DeltaWard analyzes the artifact your CI already produces — the final .apk or .ipa — and diffs every scan against your previous build of the same app.

Sign in at app.deltaward.com. (DeltaWard is in closed alpha — sign-ups are invite-only for now.)
Upload a build from the dashboard. The first scan of an app becomes its baseline: everything it finds is new by definition.
Upload the next build and the report becomes a diff — new, fixed, persisting — with plain-language explanations and concrete fixes.

iOS note: upload developer-exported IPAs (from your own build or an ad-hoc/development export). Store-downloaded IPAs are encrypted and can't be analyzed.

Scans & the delta view

Every finding in a scan carries a delta state relative to your previous build:

State	Meaning
new	Introduced by this build. The default view, and the only thing that can fail a CI gate.
fixed	Present in the previous build, gone in this one.
persisting	Known from earlier builds. Reported, never re-raised as urgent — and never breaks a build.

Dismissals carry forward.
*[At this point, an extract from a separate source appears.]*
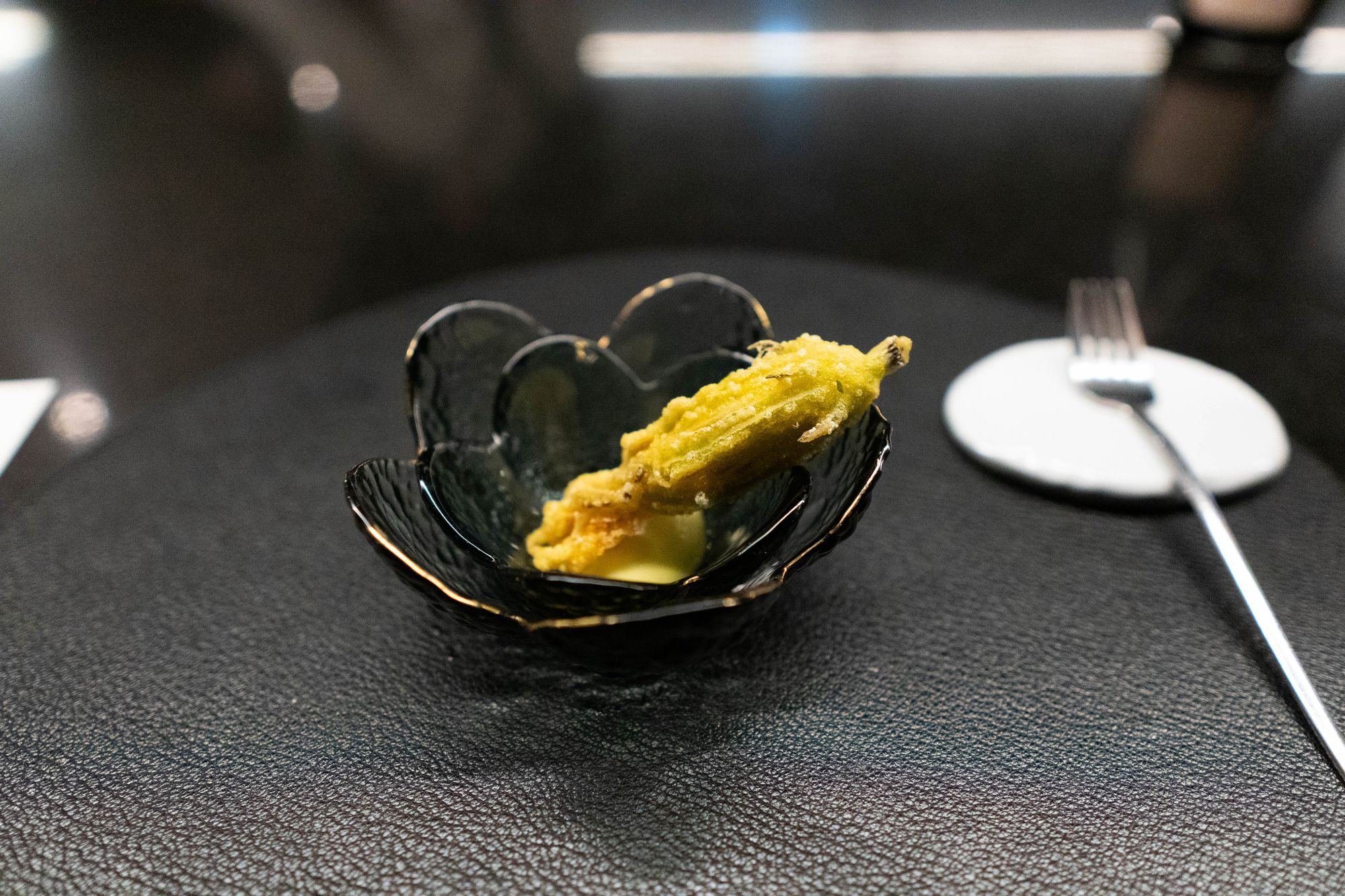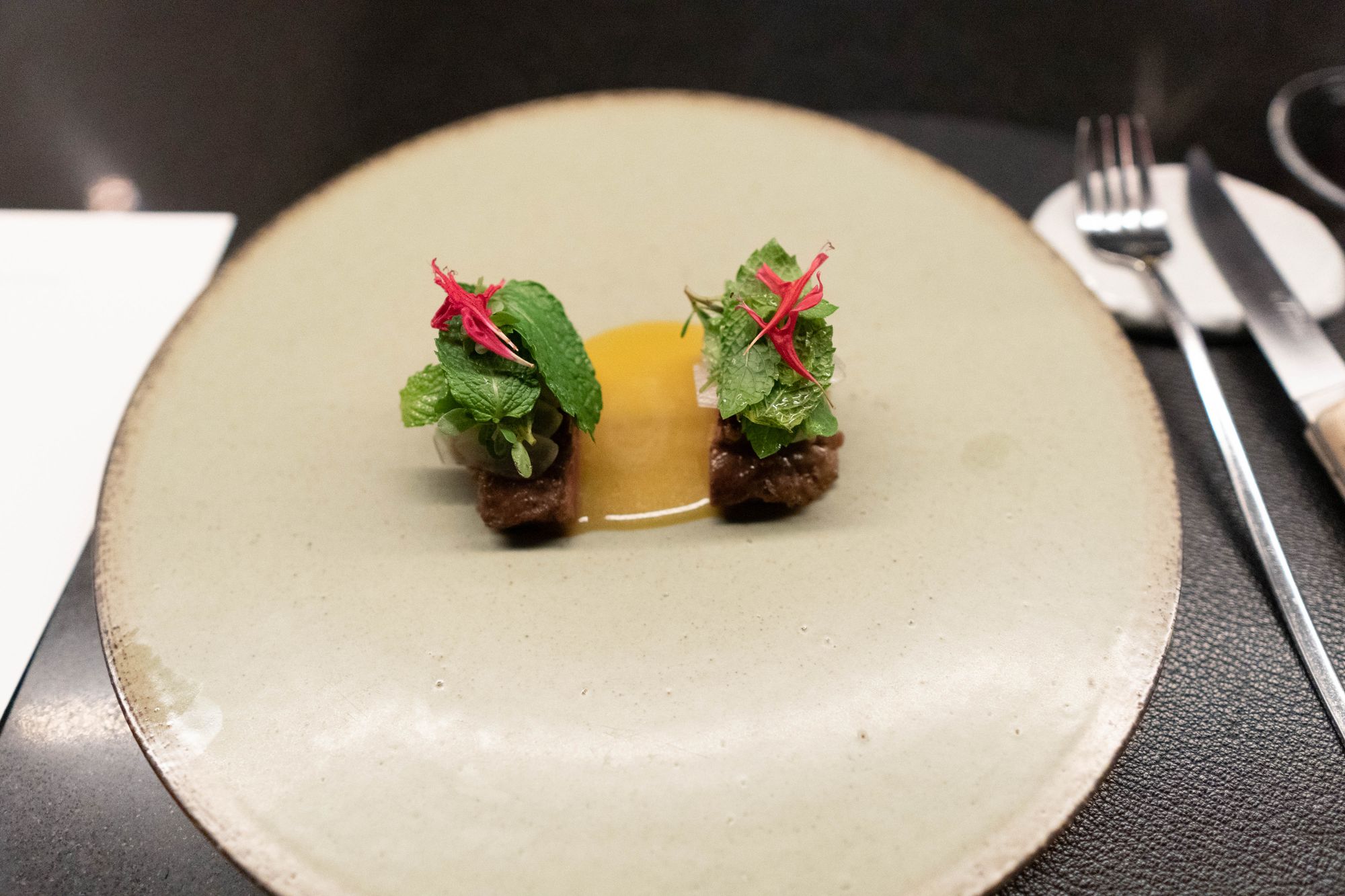 둘째로는 무게중심이 거꾸로 된듯한 구성, 쏟아내는 아뮤즈부쉬와 그 이후의 힘 빠지는 코스 자체의 문제다. 코스의 시간의 상당부분을 할애하여 한 개, 두 개씩 내는 아뮤즈부쉬 하나 하나는 그럴싸한 재미가 있다. 코코넛을 올린 관자나 패션프루트 폼과 같은 요리는 "현대 서울 음식"이라는 주제와는 전혀 맞지 않지만 항상 새로운 재료에 도전하는 요리사의 열정 비슷한 것을 추구하는 듯하여 기대를 불러일으킨다. 이유를 보여주지 못하는 요리들도 분명히 존재한다. 뻣뻣한 맛없음이 느껴지는 스낵오이로 만든 오이선, 극단적으로 높은 지방 속 풍미에 초점이 맞추어져야 할 간과 베리류의 짝의 시너지를 보여주지 못하고 스러지는 닭간과 블루베리가 그랬다. 그러나 이들의 좋고 나쁨을 넘어서는 문제는 이러한 아뮤즈, 즉 재미가 본론이 되어야 할 요리들에서 이어지지 않는다는 데 있다. 송어알, 관자 등 짠맛savory 요리들과 적극적으로 교섭을 시도하던 열대과일은 코스 내내 배제되며 전형적인 디저트로 다시 등장할 뿐이고, 그 자체로는 국내의 식재료가 아닌 것들, 낚시 미끼나 동물 사료로 유통되는 닭간부터 지중해 요리 그 자체를 상징하는 호박꽃, 서양식 가금류 가공 방식을 전적으로 보여주는 리예뜨 따위가 등장하지만 가정식을 표방해도 좋을 안전한 수준에 머무른다. 주키니 꽃이 아닌 호박꽃, 속이 리코타나 모차렐라가 아닌 리예뜨니까 창의적이라고 해야할까? 반죽의 바삭함과 짭짜름함이 식전주와 어울려 입맛을 당겨야 할 이 요리는 리예트의 무게도 무게지만 납작한 옥수수의 비루한 단맛과 어울려 벌써부터 식탁 위의 결말을 내린 기분이었다. 그나마도 회수마저 되지 않는다. 닭다리에 복숭아를 곁들여보지만 패션프루트의 미친 신맛이나 코코넛의-비록 이 요리에서는 아니었지만-농익은 지방의 풍취와는 전혀 다른, 일본종의 안전한 단맛으로 머물러 과연 짠맛 요리에 과일을 쓰는 레시피로 보여주고픈게 있었을까 의구심만 키운다.

Dismiss a finding once (false positive, accepted risk) and it stays dismissed across future builds — in the dashboard, in the CLI gate, and in the CI API. Findings come only from deterministic analyzers; severities are never set by an LLM.

Upload keys

CI uploads authenticate with an upload key instead of your account credentials. Mint one on an app space's page in the dashboard.

Keys look like dw_ak_… and are shown once, at creation. DeltaWard stores only a SHA-256 hash — a lost key is replaced, never recovered.
A key is scoped to one app space: scans it uploads land in that space, and it can read nothing else — not your other spaces, not dashboard uploads.
Revocation is immediate. Revoke a key on the space page and every request with it fails from that moment.
Requests are rate-limited per key. Spread very chatty pipelines across spaces, or contact us.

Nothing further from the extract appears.